So if the blinking lights are not part of the system, cycle accurate is only a 30% performance hit, not a 50% or 100% performance hit.

To me this means we should advocate for migration of upstream to cycle-accurate emulation.

I WOULD like to understand why my redo is less performant.  I thought I was replacing a bunch of If statements with a single switch statement, and then doing everything else the same.

Attached is a file with the full benchmark results from the above 6 test cases on my Pi3b.

-Bill
Comp-Bench.txt

Steve Tockey

unread,
Jun 27, 2025, 1:10:47 PMJun 27
to PiDP-8
Bill,
Thanks for taking the lead on this. I've been buried in other stuff so no time to dedicate on this front, sorry.

"I WOULD like to understand why my redo is less performant.  I thought I was replacing a bunch of If statements with a single switch statement, and then doing everything else the same."

These days a lot is probably dependent on the specific compiler and the optimizations it chooses to apply vs. not. When given a switch-case in source code, there are different ways to turn it into object code, one of which is to basically unravel it back into a series of if() statements meaning you wouldn't necessarily see any performance difference at all. Under the conditions in the SIMH source code, I would think that it would usually translate switch-case into a jump table but since that can end up taking more machine instructions than a simple if() statementtht could be where the performance hit is coming from. The only way to be sure, however, is to either examine the .o files or see the actual machine instructions in the .exe file to know for sure what's going on.


-- steve


William Cattey

unread,
Jun 27, 2025, 10:36:56 PMJun 27
to PiDP-8
I spent some time with cc -S -fverbose-asm, comparing the vince code line to my code line.

Alas I could make no sense of what the compiler was doing.

I tried some swapping back and forth of different approaches to do certain things. After a couple hours of this, I've concluded that whatever Vince checked in seems to have totally lucked out on what gcc on both my m2 mac, and my Pi3 create.

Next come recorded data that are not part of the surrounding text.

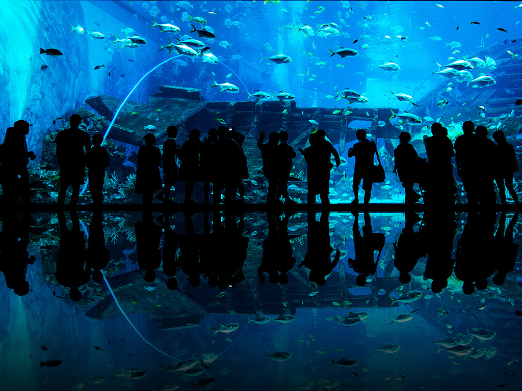 【景点介绍】迪拜购物中心水族馆位于位于全球最高塔“哈利法塔”地下的大型购物中心迪拜商场,是号称全球之最的水族馆,2008年11月开幕。水族馆观光廊长51米、宽20米、高11米,蓄水量在1000万升左右,养着包括鲨鱼、黄貂鱼等大约3.3万种水生物。另外,水族馆号称拥有世界上面积最大的丙烯酸观光隔离板。
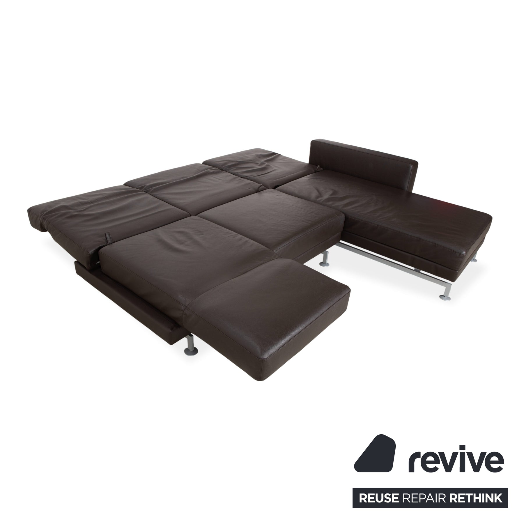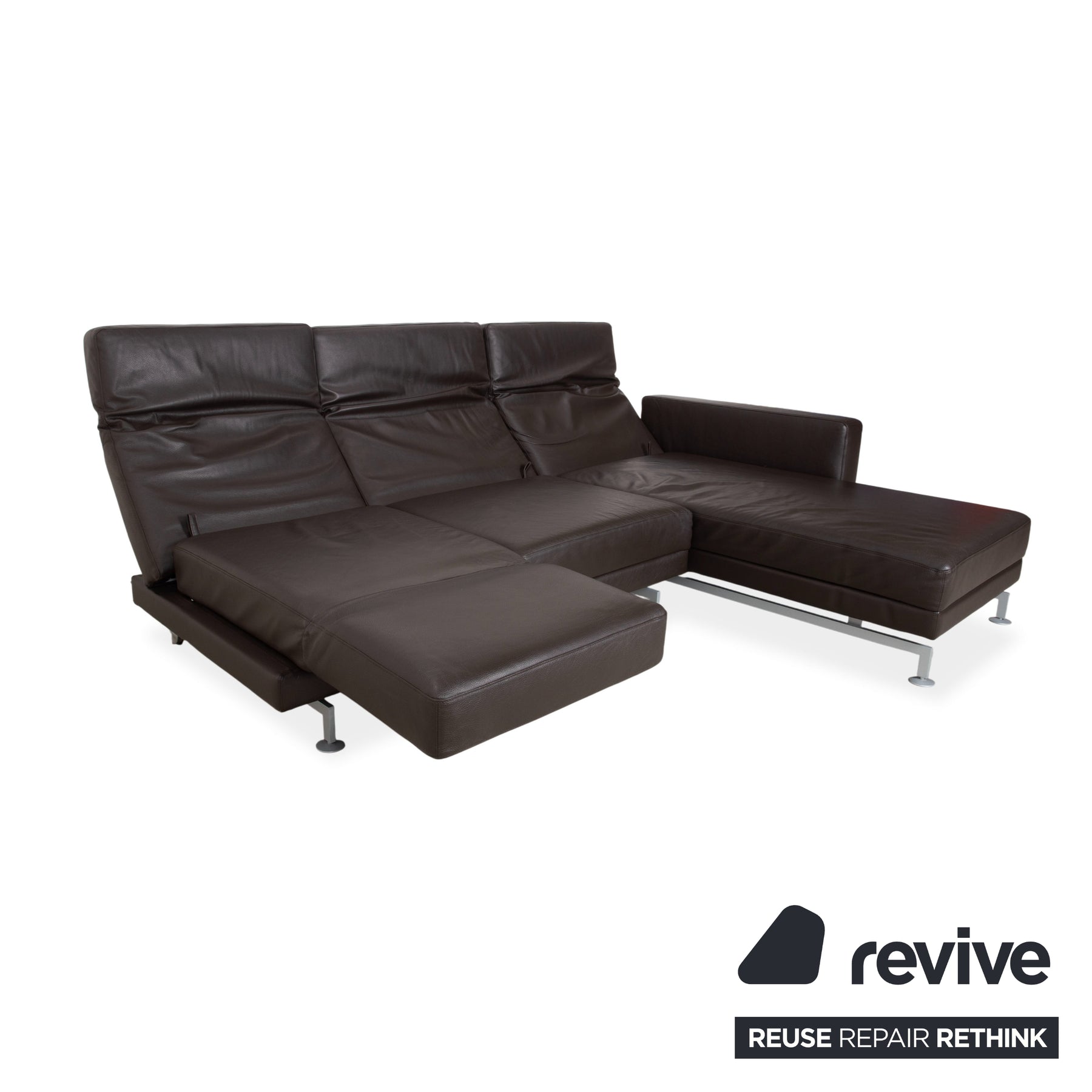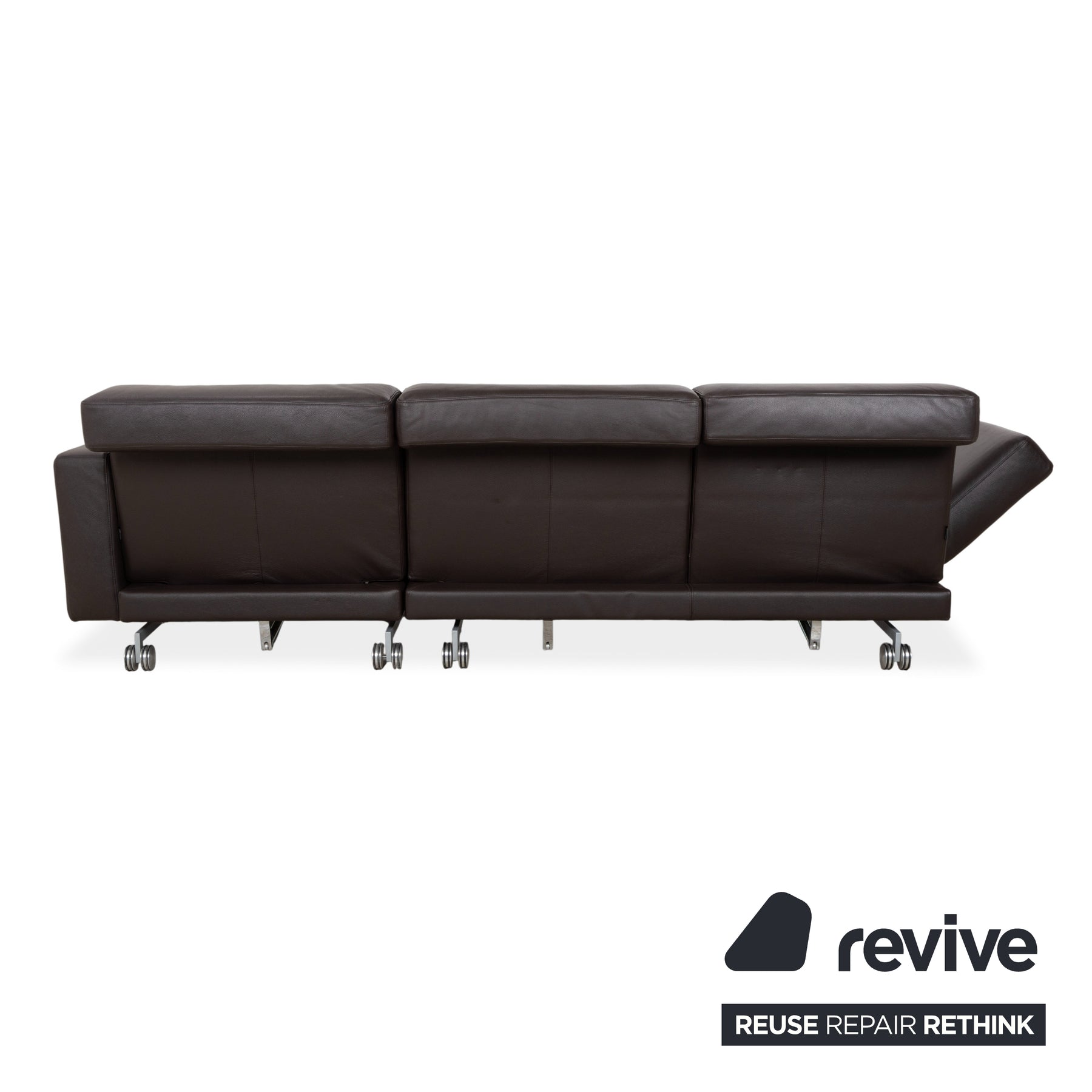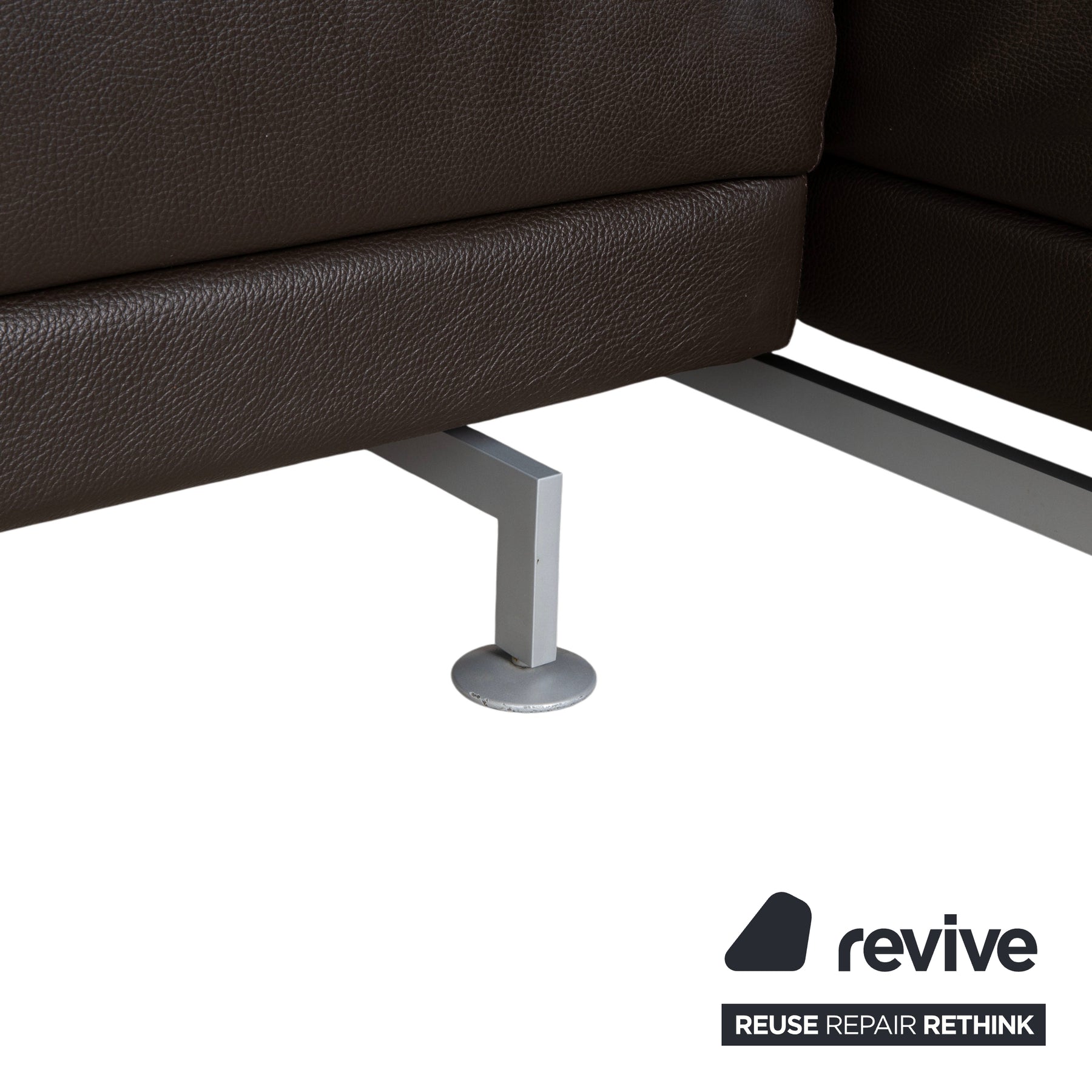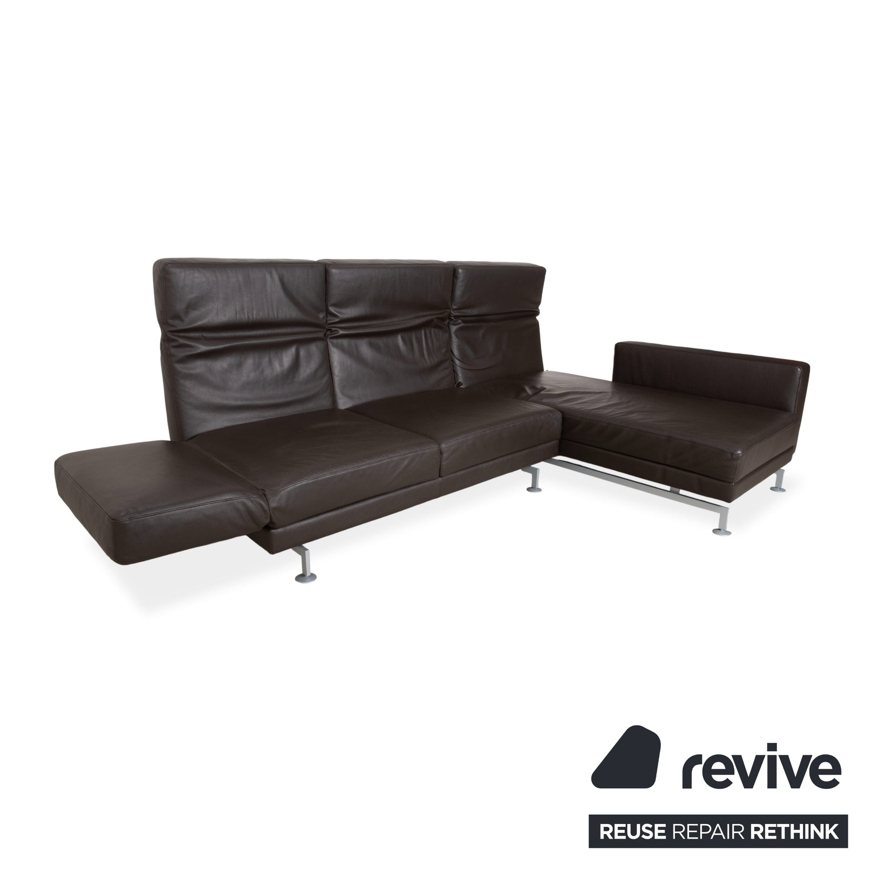 Le modèle Moule de la manufacture Brühl est depuis longtemps considéré comme un classique moderne pour un intérieur modulable. Revêtu d'un cuir brun foncé de haute qualité, il dégage une élégance sophistiquée et intemporelle, et paraît léger et aérien grâce à ses fins pieds en métal – un havre de paix raffiné pour tout salon.
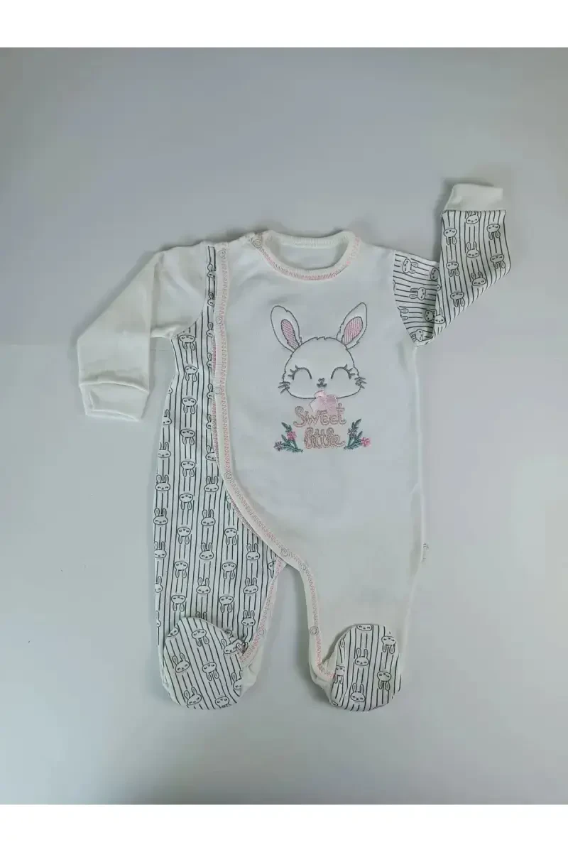 Детский комбинезон 100% хлопок - с вышивкой зайчика, на кнопках, антиаллергенный
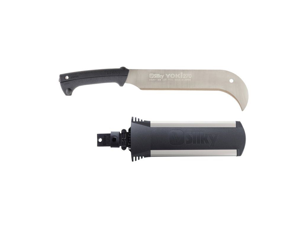 Víme, že na čištění křovin nechce člověk jen tak ledajakou mačetu, ale masivní čepel, která dokáže čistit křoví lehkým švihnutím. A zahnutá mačeta Yoki je právě tím dokonalým nástrojem, který si poradí s řezáním popínavých rostlin, větví a malých kmenů na zvládnutelnou a produktivní velikost. Čepel mačety je vyrobena ze speciální legované oceli s vynikající povrchovou úpravou a má 270 mm dlouhé dvojitě broušené ostří. Gumová rukojeť typu Genki se skládá pouze ze dvou částí a nemá žádné šrouby ani matice pro maximální pohodlí a kontrolu. Rukojeť lze snadno odepnout z čepele bez použití jakéhokoli nářadí a zároveň maximálně tlumí vzniklé vibrace. Yoki je standardně dodávána s odolným ochranným pouzdrem, které chrání čepel a vaše prsty. Otvor v rukojeti a čepeli pak usnadňuje upevnění nebo zavěšení tohoto nástroje. Údržba mačety Pro zachování účinnosti je nutné udržovat čepel v čistotě. Pokud je tedy ostří zalepeno pryskyřicí, či mízou, použijte k čištění olivový olej. Jedná se o účinný a ekologický způsob, jak rozpustit tyto nečisoty. Pokud mačetu déle nepoužíváte, dbejte na to, aby byla vždy suchá. Případné bezpečnostní pokyny, výstrahy a upozornění jsou součástí návodu k obsluze. Kontaktní údaje výrobce / dovozce / zplnomocněného zástupce výrobce v EU: De Wild B.V. Spectrum 38, 4706 NM Roosendaal, Netherlands email: support@silky-europe.comDoplňkové parametry
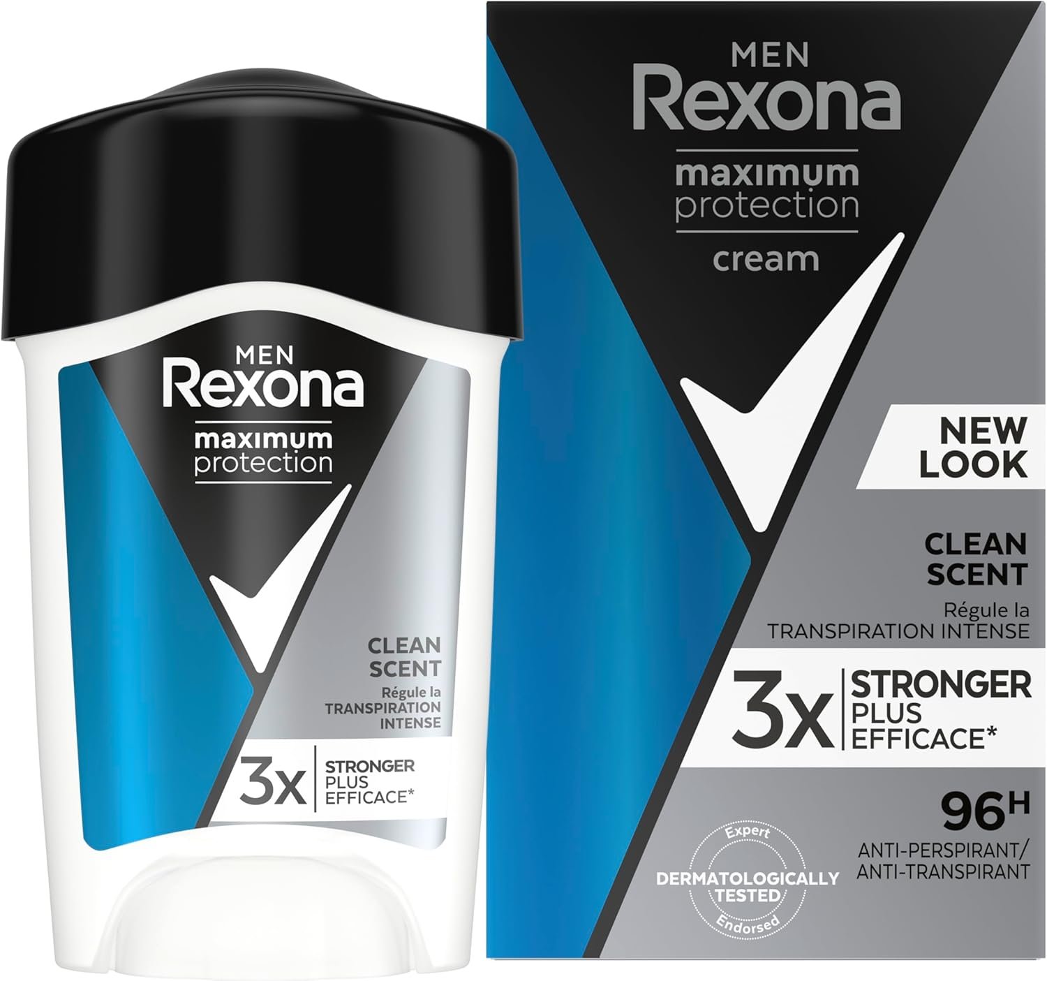 Resume el contenido del producto de manera muy amigable y sobre todo enfocado a los hombres en 250 palabras sobre Rexona Maximum Protection Clean Scent Antiperspirant Cream Deodorant for Men, 45 ml, editando el texto y subrayando las características clave del árticuloPrecio en Amazon: €5.15 - €4.50 (as of Oct 28, 2025 11:05:38 UTC – Detalles del precio)
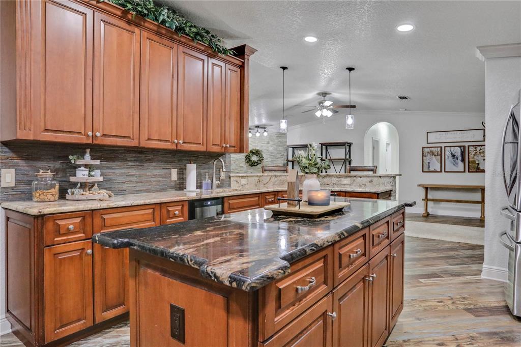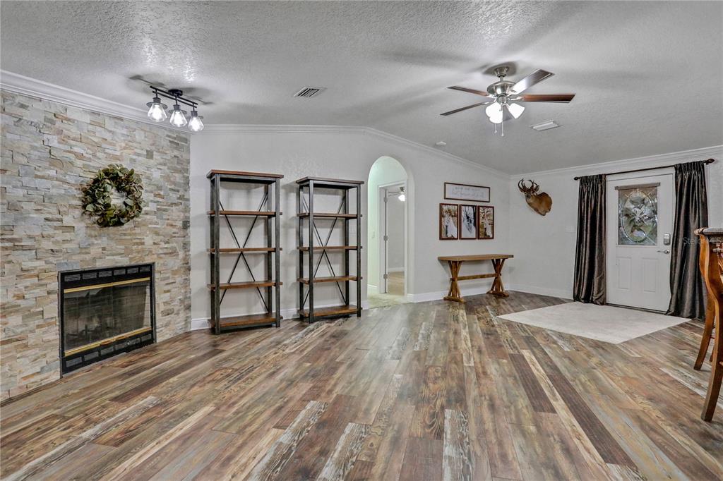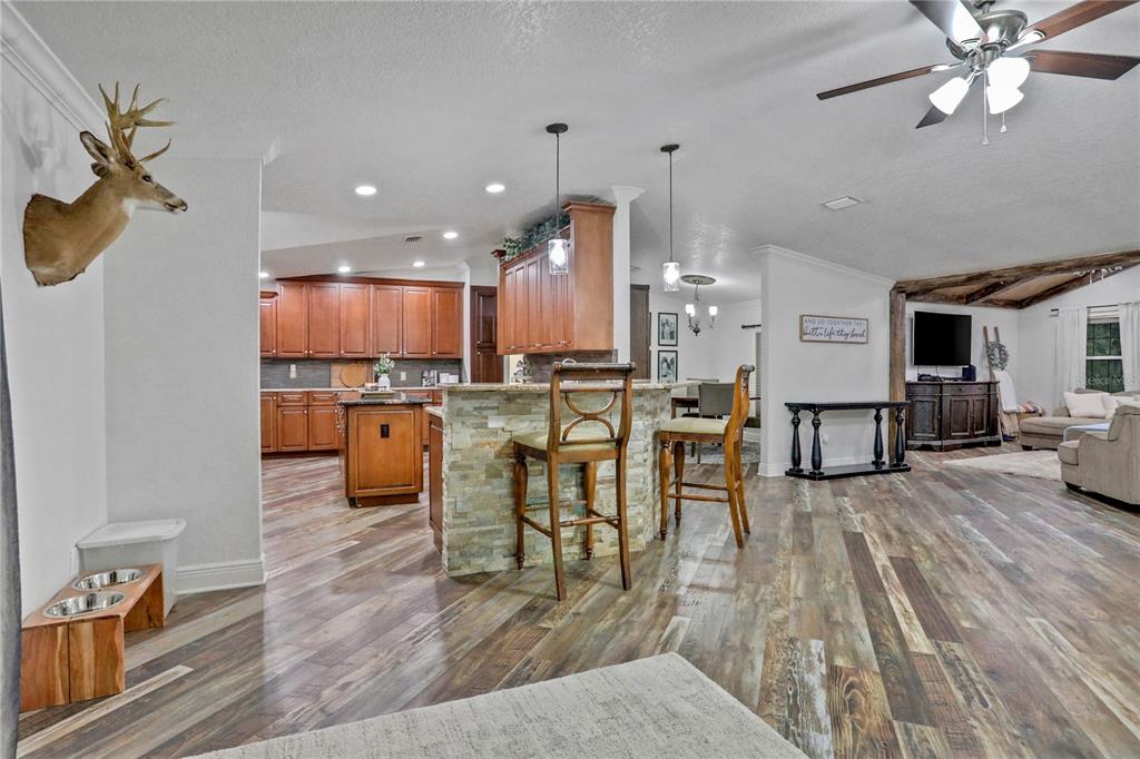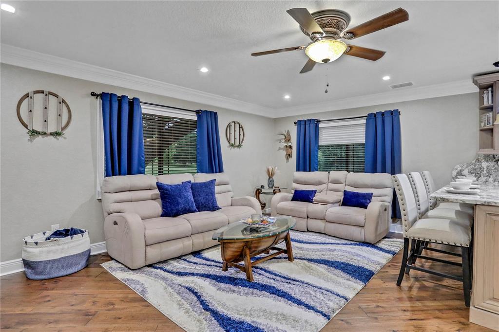 Built-in Features Walk-In Closet(s)Ceiling Fan(s) High Ceilings Stone Counters Open Floorplan Window TreatmentsCrown Molding Kitchen/Family Room ComboОсобенности экстерьера:
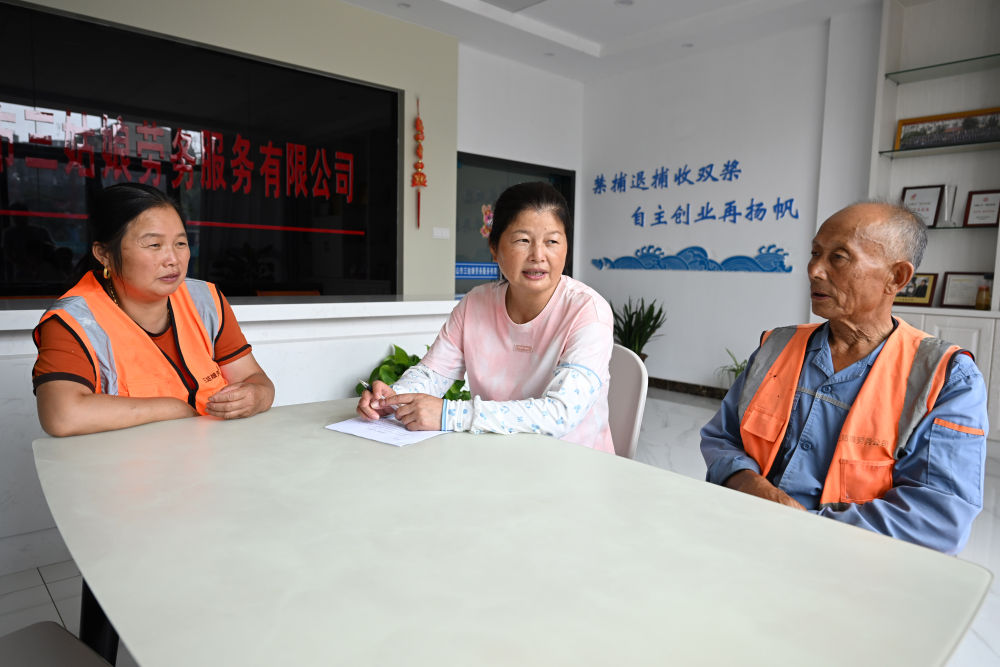 在安徽馬鞍山市三姑娘勞務服務有限公司,陳蘭香(中)和工作人員交流(2023年7月24日攝)。陳蘭香是安徽省馬鞍山市薛家洼的上岸漁民,在當地政府的幫助下,她和其他漁民合伙開辦了勞務服務公司,主營保潔、綠化養護等服務。新華社記者 周牧 攝
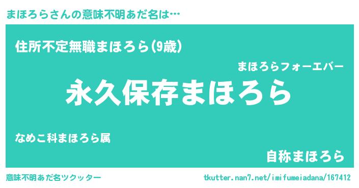 | 男性向けラノベタイトル風あだ名 | 『まほろらという概念が存在しない退屈な世界 』 |

Particularly perplexing was the use of both the variable:

op_code = (IR >> 9) & 07;
switch (op_code) {

and the in-line

switch ((IR >> 9) & 07) {

eliminate all use of the variable including the line

int op_code = 0;

and the code runs slower.

Change the current uses of the in-line in the instruction loop and replace it with op_code and the code runs... SLOWER!

I give up.

Warren Young

unread,
Jun 28, 2025, 12:29:24 AMJun 28
to William Cattey, PiDP-8
On Fri, Jun 27, 2025 at 20:36 William Cattey <bill....@gmail.com> wrote:
I spent some time with cc -S -fverbose-asm,

Do yourself a favor and go hit the easy button: 

William Cattey

unread,
Jun 28, 2025, 8:26:32 PMJun 28
to PiDP-8
Hi Warren,

That's a VERY interesting system -- meld for assembler output.

I learned how to use it. Their support community in discord is AMAZING!  They fixed a bug that prevented my being able to compare assembler output like I needed.

Unfortunately, the results I'm getting make no sense.  I VERY carefully experimented with the effect of changing

    (IR >> 9) & 07
to 
   op_code

Here's what i learned:

The early declaration and initialization, and then utilization:

    int op_code = 0;
...

            op_code = (IR >> 9) & 07;
            switch (op_code) {

is completely equivalent to leaving the declaration and initialization out and just saying:

     switch ((IR >> 9) & 07) {

This makes sense to me because I accept that the compiler optimizes out the superfluous work, and uses registers efficently.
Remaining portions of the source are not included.